=== Section Start ===
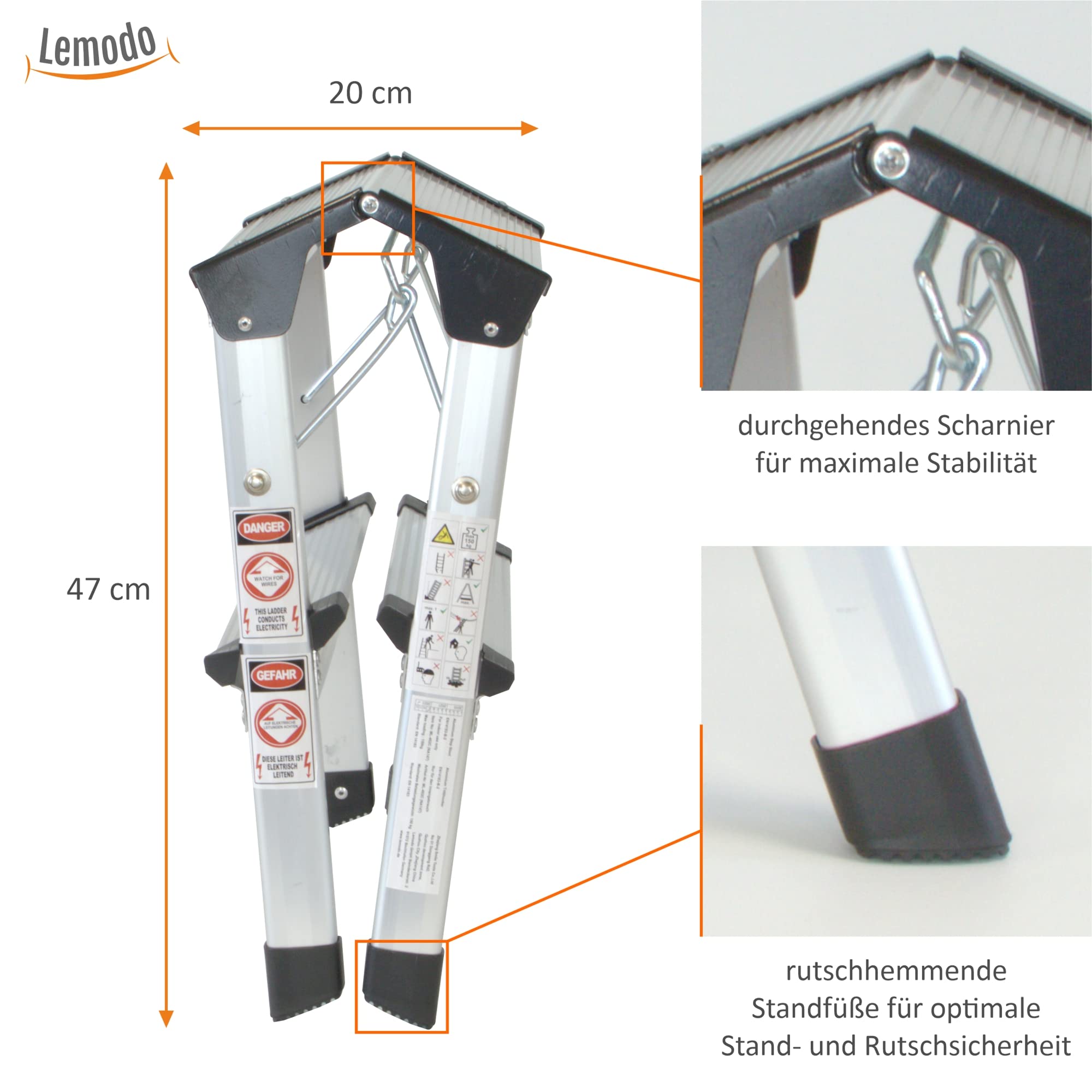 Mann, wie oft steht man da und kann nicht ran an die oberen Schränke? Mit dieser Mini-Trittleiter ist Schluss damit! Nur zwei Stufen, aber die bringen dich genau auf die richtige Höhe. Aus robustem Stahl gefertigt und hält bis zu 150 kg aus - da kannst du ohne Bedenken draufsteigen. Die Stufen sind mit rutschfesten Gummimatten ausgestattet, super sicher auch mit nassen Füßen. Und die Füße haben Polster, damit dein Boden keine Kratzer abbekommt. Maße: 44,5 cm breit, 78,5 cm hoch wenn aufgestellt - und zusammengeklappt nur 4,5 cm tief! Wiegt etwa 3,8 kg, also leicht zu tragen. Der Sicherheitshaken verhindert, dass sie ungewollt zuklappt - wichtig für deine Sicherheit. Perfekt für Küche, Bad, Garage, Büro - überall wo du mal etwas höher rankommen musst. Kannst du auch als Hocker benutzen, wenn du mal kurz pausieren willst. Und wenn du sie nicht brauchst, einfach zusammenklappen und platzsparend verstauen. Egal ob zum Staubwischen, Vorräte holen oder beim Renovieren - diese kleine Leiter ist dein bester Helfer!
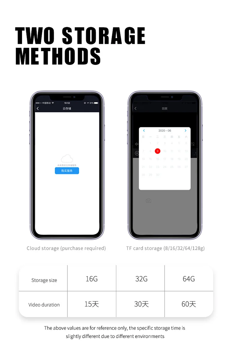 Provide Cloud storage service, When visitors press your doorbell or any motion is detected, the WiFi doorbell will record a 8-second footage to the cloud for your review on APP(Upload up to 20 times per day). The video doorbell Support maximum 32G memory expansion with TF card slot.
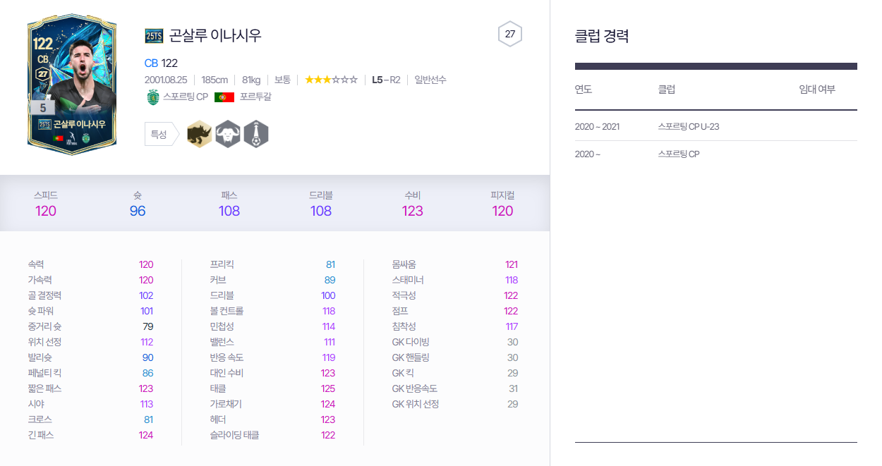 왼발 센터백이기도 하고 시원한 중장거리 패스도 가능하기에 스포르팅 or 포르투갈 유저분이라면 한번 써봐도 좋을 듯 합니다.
=== Section End ===
Brief. Each line above should be output exactly, apart from the pictures.

Written solution.
 Mann, wie oft steht man da und kann nicht ran an die oberen Schränke? Mit dieser Mini-Trittleiter ist Schluss damit! Nur zwei Stufen, aber die bringen dich genau auf die richtige Höhe. Aus robustem Stahl gefertigt und hält bis zu 150 kg aus - da kannst du ohne Bedenken draufsteigen. Die Stufen sind mit rutschfesten Gummimatten ausgestattet, super sicher auch mit nassen Füßen. Und die Füße haben Polster, damit dein Boden keine Kratzer abbekommt. Maße: 44,5 cm breit, 78,5 cm hoch wenn aufgestellt - und zusammengeklappt nur 4,5 cm tief! Wiegt etwa 3,8 kg, also leicht zu tragen. Der Sicherheitshaken verhindert, dass sie ungewollt zuklappt - wichtig für deine Sicherheit. Perfekt für Küche, Bad, Garage, Büro - überall wo du mal etwas höher rankommen musst. Kannst du auch als Hocker benutzen, wenn du mal kurz pausieren willst. Und wenn du sie nicht brauchst, einfach zusammenklappen und platzsparend verstauen. Egal ob zum Staubwischen, Vorräte holen oder beim Renovieren - diese kleine Leiter ist dein bester Helfer!
 Provide Cloud storage service, When visitors press your doorbell or any motion is detected, the WiFi doorbell will record a 8-second footage to the cloud for your review on APP(Upload up to 20 times per day). The video doorbell Support maximum 32G memory expansion with TF card slot.
 왼발 센터백이기도 하고 시원한 중장거리 패스도 가능하기에 스포르팅 or 포르투갈 유저분이라면 한번 써봐도 좋을 듯 합니다.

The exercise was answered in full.